In order to determine the composition of the produced nanocomposites, Raman spectroscopy was also used.⁶⁰ Raman spectra of ZnONRs, PDA and ZnONRs–PDA are shown in Fig. 4a. As prepared ZnONRs showed peaks at 333, 376, and 435 cm⁻¹, related to E^high₂–E^low₂ mode, A₁(TO) polar optical phonon mode, and E₂ (high) non-polar mode, respectively.⁶¹ The observed peak at 435 cm⁻¹ (E^high₂ mode) corresponds to the wurtzite phase of ZnO, as it was also confirmed by XRD. This mode is associated with the vibration of oxygen atoms in the crystal lattice. Raman peak at 586 cm⁻¹ could be related to structural disorders (such as oxygen vacancies, Zn interstitial etc.).⁶² The Raman spectrum of PDA shows two characteristic peaks: 1357 and 1576 cm⁻¹, corresponding to aromatic rings of PDA (stretching and deformation).^63,64

Fig. 4 (a) Raman spectra of ZnONRs, PDA and ZnONRs–PDA; (b) FTIR of ZnO and ZnO–PDA nanocomposites.

The ZnONRs–PDA nanostructures showed peaks at 466, 587, 954, 1214, 1386, 1596 cm⁻¹. Raman peaks at 1386 and 1596 cm⁻¹ correspond to PDA, and arise from the aromatic C–N stretching mode of the indole structure, and from the C=C aromatic ring vibration, respectively.⁶⁵ The results thus confirm the successful deposition of PDA over ZnONRs surface.

Wide peaks at 466 cm⁻¹ and 1596 cm⁻¹ were deconvoluted in two components via Lorentzian fitting. The resulting peaks showed the next values: 457 cm⁻¹, 482 cm⁻¹, 1525 cm⁻¹ and 1596 cm⁻¹. The analysis showed good agreement with the present peaks – 1206 cm⁻¹, 1528 cm⁻¹ and 1595 cm⁻¹, and 1386 cm⁻¹ with the PDA Raman modes, which related to C–OH or/and C–O, C=C, C–N, N–H and C=O vibrations, respectively.⁶⁵ Finally, the peak at 457 cm⁻¹ relates to ZnO, whereas peaks at 482 cm⁻¹ and 954 cm⁻¹ correspond to Zn–OH and O–H out-of-plane deformation mode.

FTIR spectroscopy was used to identify of functional groups present on synthesized materials (see Fig. 4b). The peak at 400 cm⁻¹ and 560 cm⁻¹ was attributed to ZnO vibrational modes. The peaks located at 1288 cm⁻¹, 1492 cm⁻¹, 1607 cm⁻¹, and 3362 cm⁻¹ corresponded to C–O, C=N or/and C=C, C=O and –OH or/and N–H vibrational modes, respectively, these modes are in agreement with previously date for PDA.⁶⁶ It is important to mention that the formation of PDA layer around ZnO leads to shift the FTIR peak positions of 12–20 cm⁻¹ to lower values of wavenumbers.
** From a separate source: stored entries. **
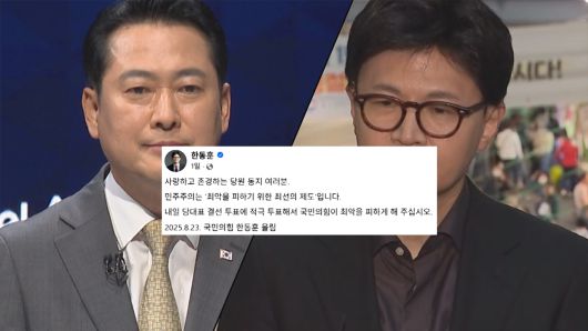 국민의힘 당 대표 선거가 김문수·장동혁 후보 간 결선 투표로 이어진 가운데 한동훈 전 국민의힘 대표가 입장을 밝혔습니다.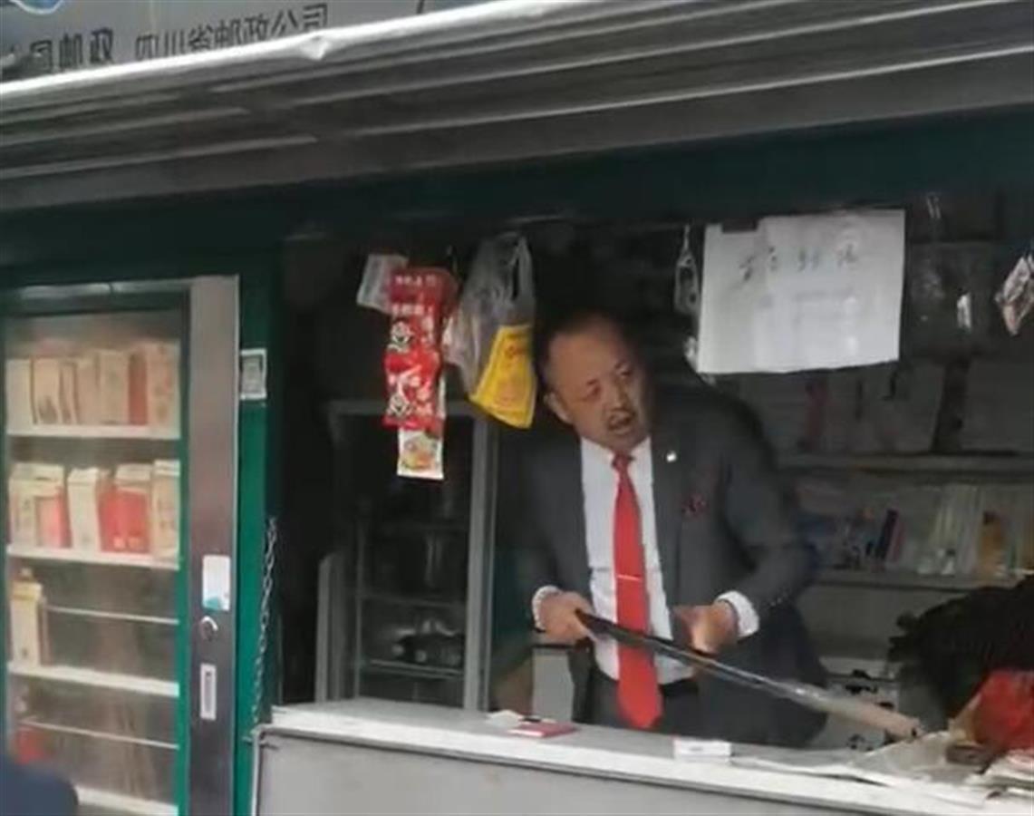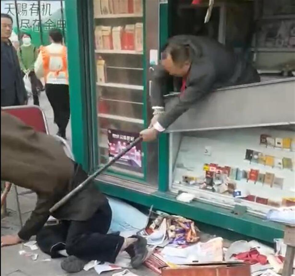 极目新闻记者在视频中看到,在一个街头书报亭内,报纸和商品散落一地。一名身穿西装的中年男子站在书包亭里面,手中持棍,不停地伸出柜台打一名老人。被打老人头发花白,已被打倒在地,头上还流着血。一名女子护着老人,还用小板凳还击男子。附近的群众都义愤填膺,并指责男子。视频中有人喊“城管打人了”,还有人打电话报警。
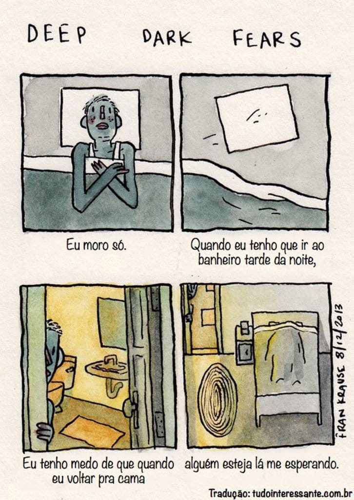 Em um trabalho bastante curioso, o artista norte-americano Fran Krause teve a ideia de transformar os temores das pessoas em tirinhas. E o detalhe especial fica por conta dele abordar muitos medos que nós não temos coragem de confessar que temos.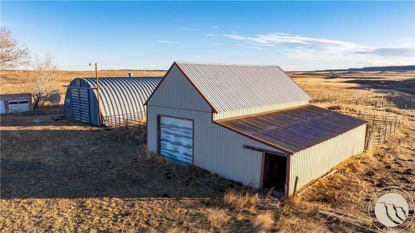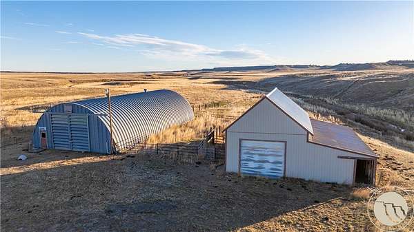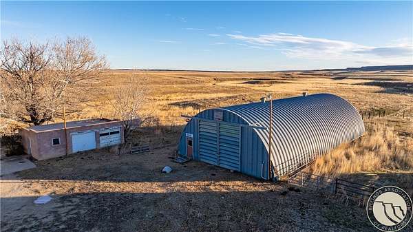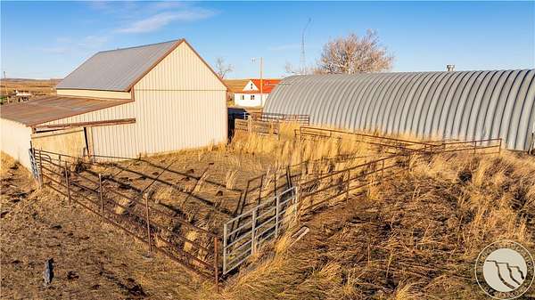 Est $1,325/moHome is 2 bed 2 bath. 2 car detached garage, spacious shop, newly redone livestock barn, corrals, bunkhouse, and additional detached garage. Property was previously being rented. A leased 150 gallon propane tank from Silvertip in Roundup. Well water is assisted by R2 system. Washer and dryer convey with property. This property is on a state lease that is held until 2030. Restrictions to the state lease can be found in the supplements. This property is being sold with the state lease and all buildings.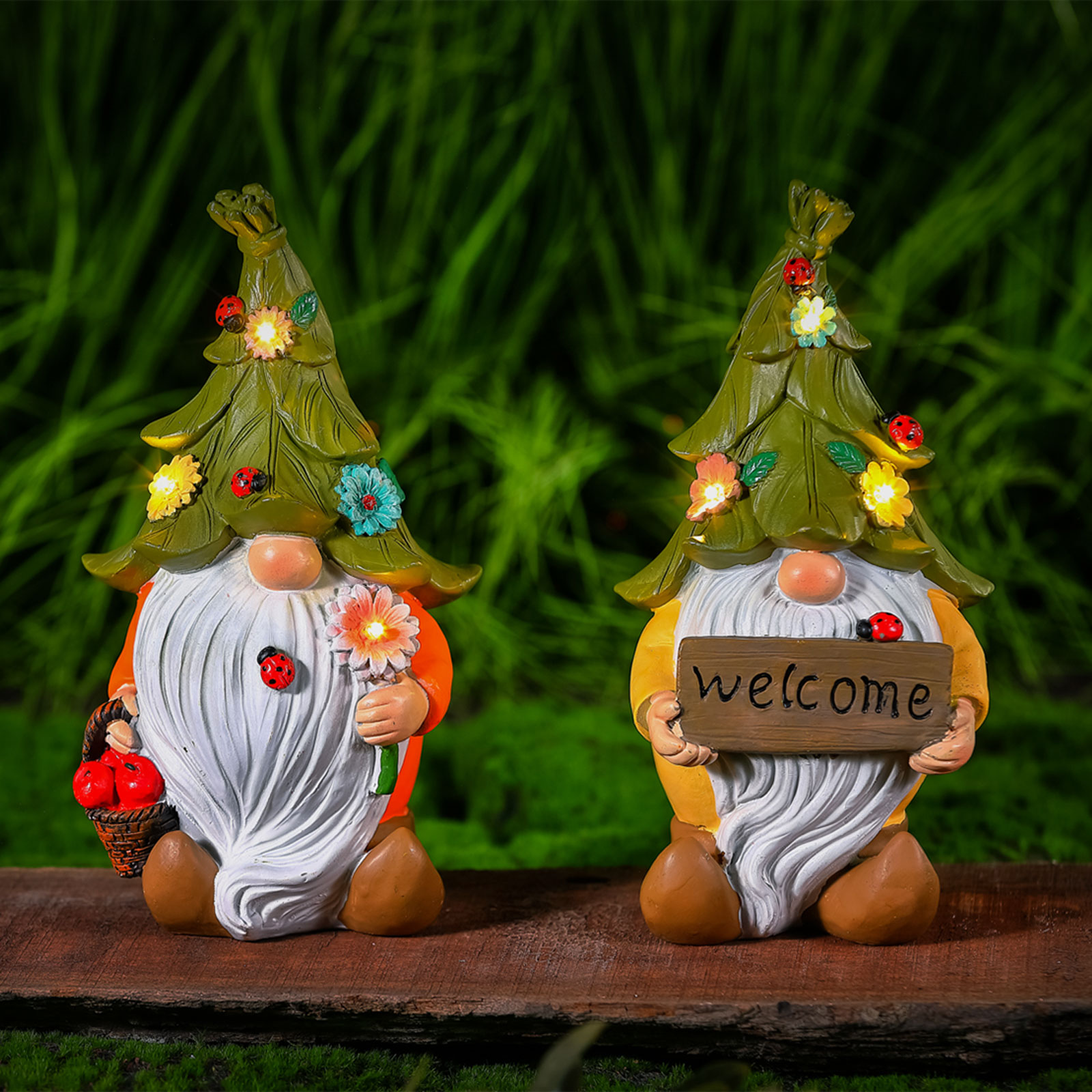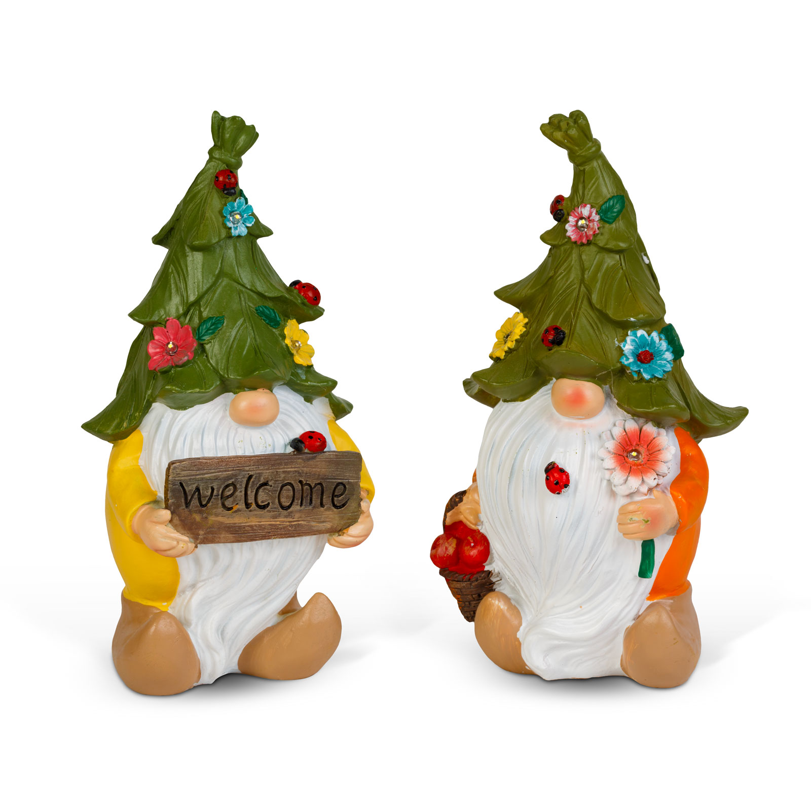 LED solární skřítek – 2 typy – teplá bílá LED – pryskyřice – 10 x 8,5 x 18,5 cm

Optical properties of the ZnO/PDA nanocomposites are not studied well. Due to conformal coating of the PDA over ZnONRs, changes in excitonic and defect emission of ZnONR photoluminescence are expected. We assume that ZnO–PDA interaction might involve ZnO defects. Defect concentration and their type affect optical and electronic properties of ZnO. Therefore, comparison of defect and excitonic parameters in ZnONR and ZnONR–PDA composites will clarify mechanisms of forming the composites. Thus, analysis of PL properties of ZnONRs and ZnONRs/PDA has been performed.

As already mentioned, PL is a simple method for surface defects characterization.^2,13,67 Moreover, the emission vs. excitation power allows to evaluate the defect concentration and the quantum efficiency.^2,13,68 The room temperature PL spectra of ZnONRs–PDA showed decrease of intensity and peak shift of ZnO after deposition of PDA layer (see Fig. 5a). We assume two possible mechanisms of the change in ZnONR–PDA PL spectrum: optical absorption by PDA layer and change of emission parameters of ZnO PL (decrease of emission centres concentration, increase of depletion layer, etc.).

Fig. 5 PL spectra of ZnONRs and ZnONRs–PDA at room temperature (a); ZnONRs (b) and ZnONRs–PDA (c) at 77 K, power dependence; deconvolution of the PL spectrum of ZnONRs–PDA (d).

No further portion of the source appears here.